Pensé por un momento e hice mi evaluación. Encontré a Carol muy atractiva. Esto fue bastante extraño para mí. Nunca había pensado conscientemente en su atractivo. «Te encuentro divinamente hermosa», dije. «De hecho, eres absolutamente despampanante».
«Entonces esta debe ser la apariencia correcta». Suspiró.
Estaba tratando de descifrar sus significados, cuando volvió a hablar. Preguntó: «¿Cómo fue tu tiempo con la desafiante de la muerte?».
Le conté sucintamente mi experiencia, principalmente sobre el primer sueño. Dije que creía que la desafiante de la muerte me había hecho ver ese pueblo, pero en otro tiempo en el pasado.
«Pero eso no es posible», soltó. «No hay pasado ni futuro en el universo. Solo existe el momento».
«Sé que fue el pasado», dije. «Era la misma iglesia, pero un pueblo diferente».
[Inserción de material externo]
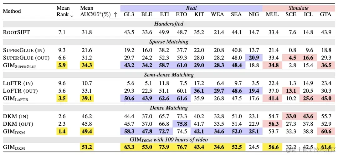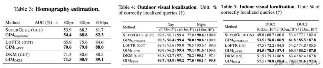 _图 4. 匹配模型泛化性能评估结果_从图 4 可以看到,GIM 可以明显地提升匹配模型的泛化性能。在被 GIM 训练前,SuperGlue 和 LoFTR 在 GL3、BLE 和 GTA 序列中甚至不如传统算法 RootSIFT。在被 GIM 训练后,这两个模型的泛化性能都得到了极大的提升。正如刚才所说,50 小时的视频数据还远未让模型的性能达到极限。按照作者最新的 100 小时视频数据训练结果,性能已经可以达到 51.2,远超现有的模型。如图 5 所示,匹配模型的泛化性能提升,同样会为下游任务带来增益。值得注意的是,在图 5 的重定位任务中,GIM 都是仅以一个模型和其他特定场景的模型进行对比,但依然能取得更好的结果。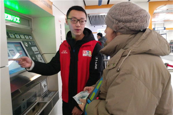 上午8点,下午4点半,冒刘鹏、杨子鹏分别带着20170114和20170111团支部到地铁站。在站长处报道后,开始协助工作人员张开服务工作。两个团支部被分为两部分,一组前往售票处,主动帮助乘客解决关于购票与路线的问题,并在机器出现问题后,主动引导乘客去人工售票处完成购票。另一组成员在检票口服务,协助乘客有序出站,解决部分乘客不熟悉检票流程的问题,并为乘客解决出站口路线问题。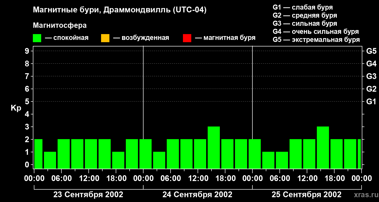 Магнитные бури в Драммондвилле 25 сентября 2002 года
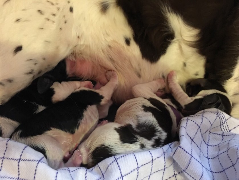 Valpene hadde fødselsvekter fra 302-441 gram og er livskraftige og friske. De er i fargene svart/ hvit, svart/hvit og tan og leverbrun/hvit og tan.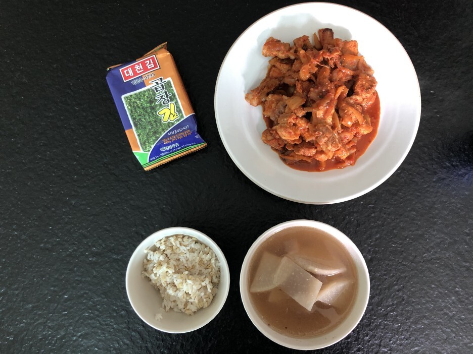 | 화요일(8/31) | 점심: 김, 오이지, 장조림, 뭇국 저녁: 제육볶음, 뭇국, 김 |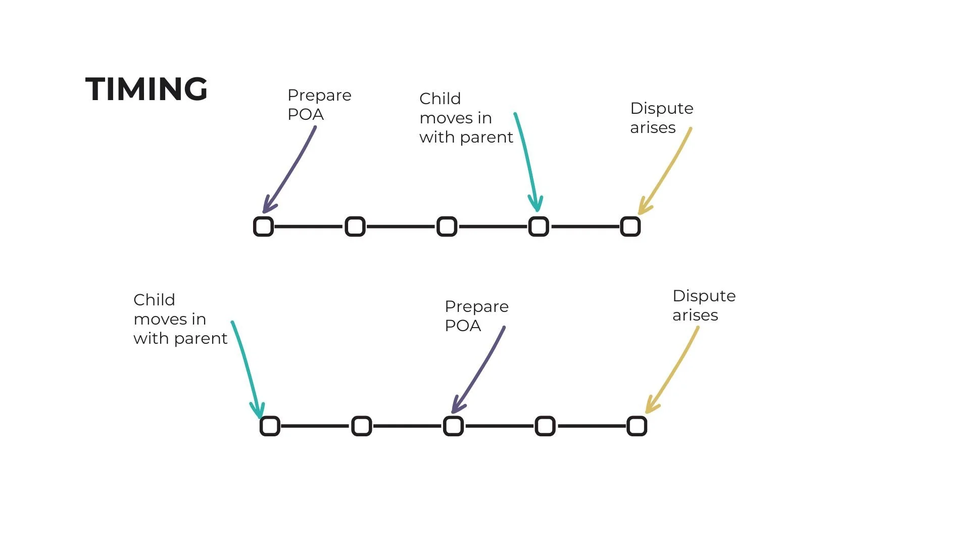 The timing of the abuse, or the problem, will impact what the appropriate response is. If you look at the above slide, if the child is already living with the parent then this is something that you can discuss at your initial consultation, and provide some advice. You can even structure your document and your appointment to try to avoid duress. However, if the adult child does not move in with the parent until after preparation of the Power of Attorney, particularly in circumstances where the client insists that they won’t have a child come and live with them, then how can we protect a client from that risk. Can we protect a client from that risk? I think that we can, though it involves having more than a peripheral conversation about aging and medical needs.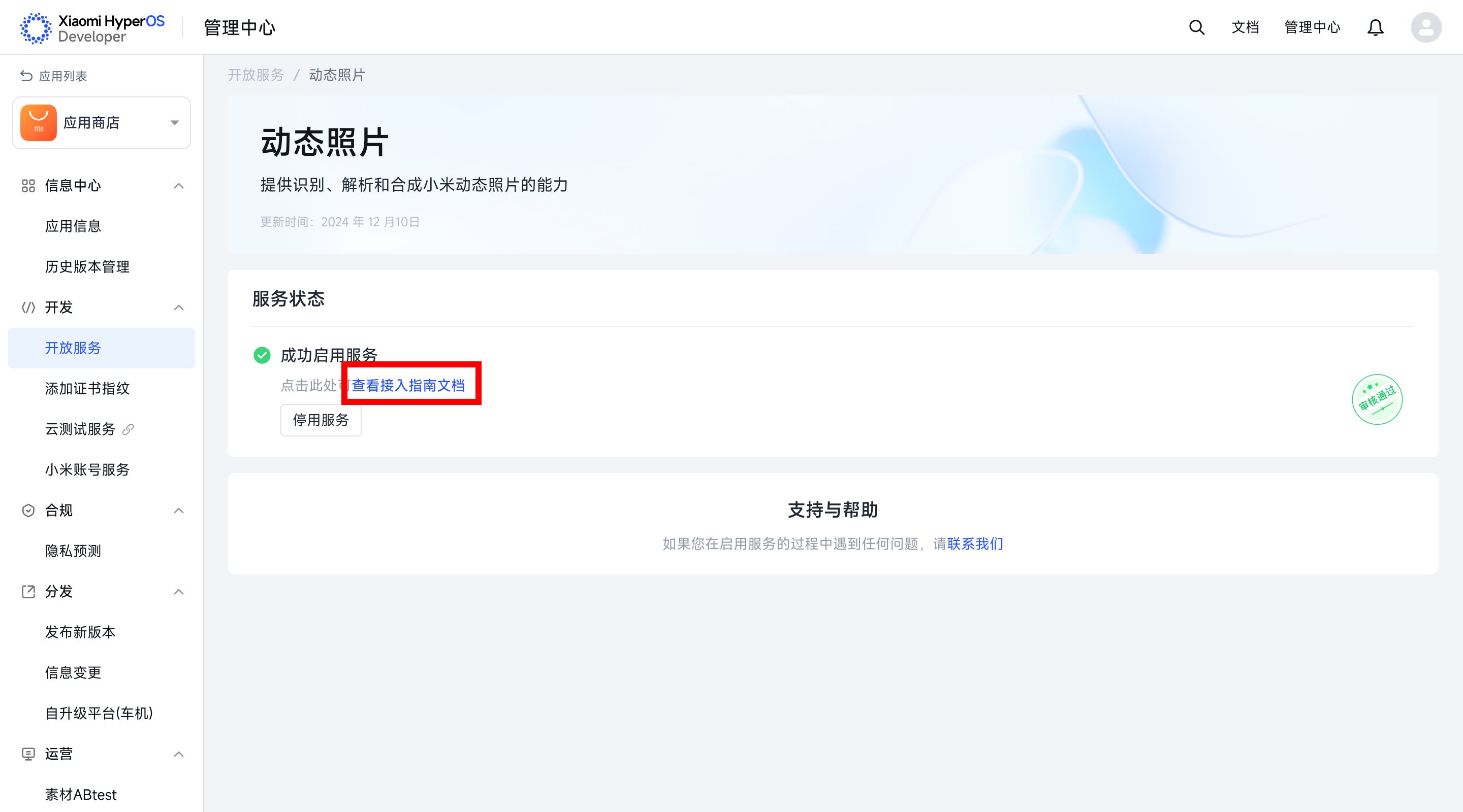 - 成功启用服务后,点击【查看接入指南文档】,查看具体服务的接入指南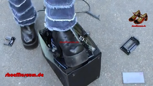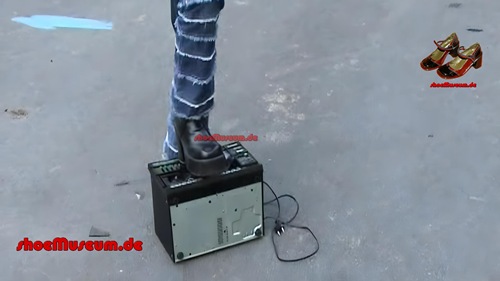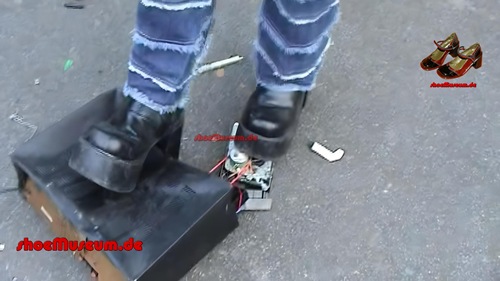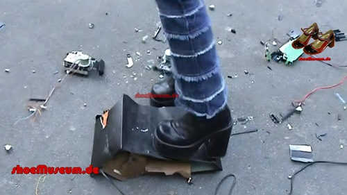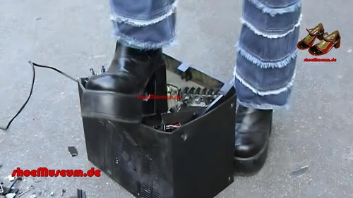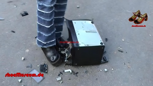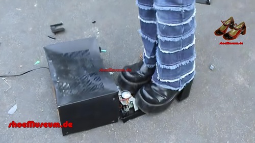 She kicks a stereo hi-fi system and destroys it under her boots.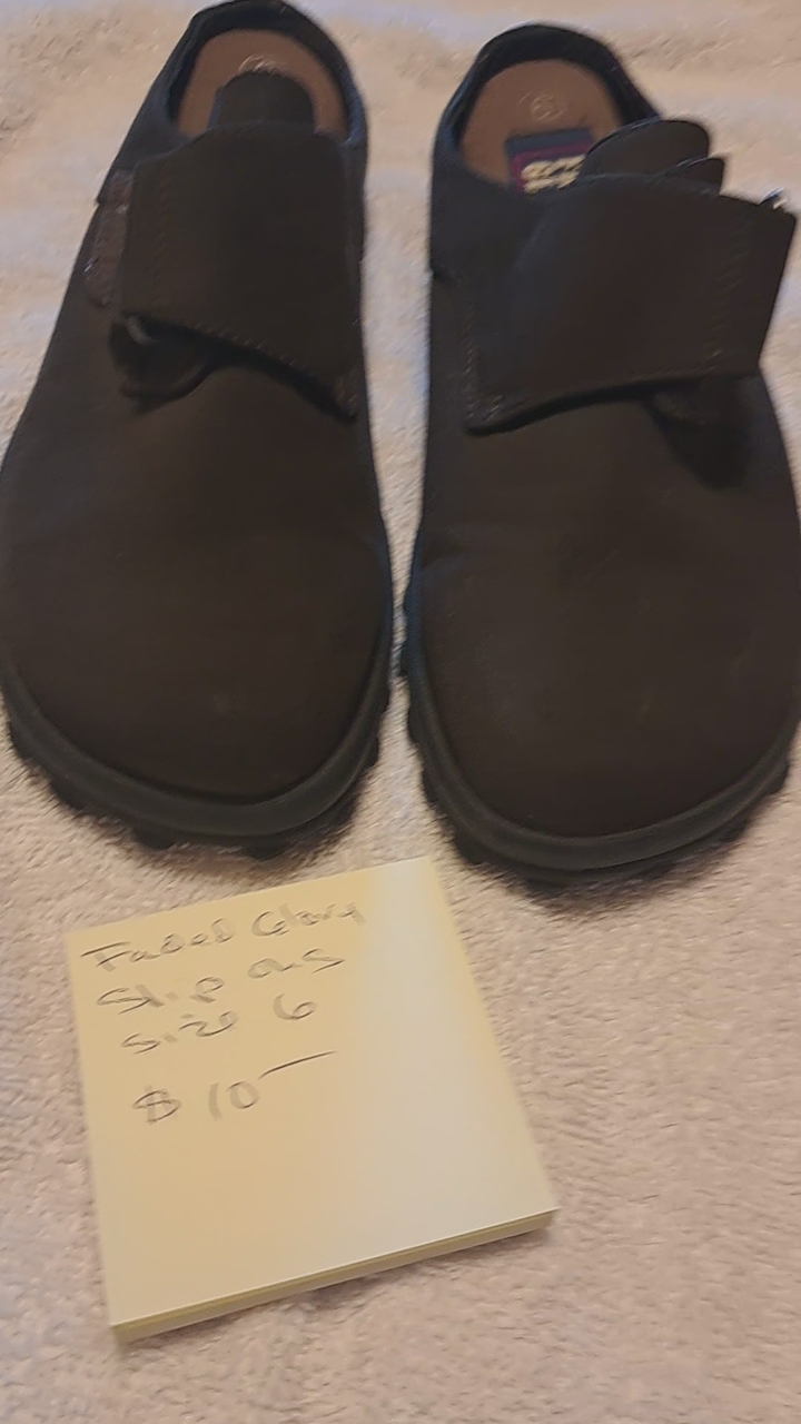 PayPalUp for sale is a pair of Faded Glory Slip Ons Size 6. Ended up being to small for me. My loss is your gain. Like new $10

«Piensa por un momento», insistió. «En el universo solo hay energía, y la energía solo tiene un aquí y ahora, un aquí y ahora infinito y siempre presente».
«Entonces, ¿qué crees que me pasó, Carol?».
«Con la ayuda de la desafiante de la muerte, cruzaste la cuarta puerta del ensueño», dijo. «La mujer de la iglesia te llevó a su sueño, a su intento. Te llevó a su visualización de este pueblo. Obviamente, lo visualizó en el pasado, y esa visualización todavía está intacta en ella. Como también debe estar allí su visualización actual de este pueblo».
Después de un largo silencio, me hizo otra pregunta. «¿Qué más hizo la mujer contigo?».
Le conté a Carol sobre el segundo sueño. El sueño del pueblo tal como es hoy.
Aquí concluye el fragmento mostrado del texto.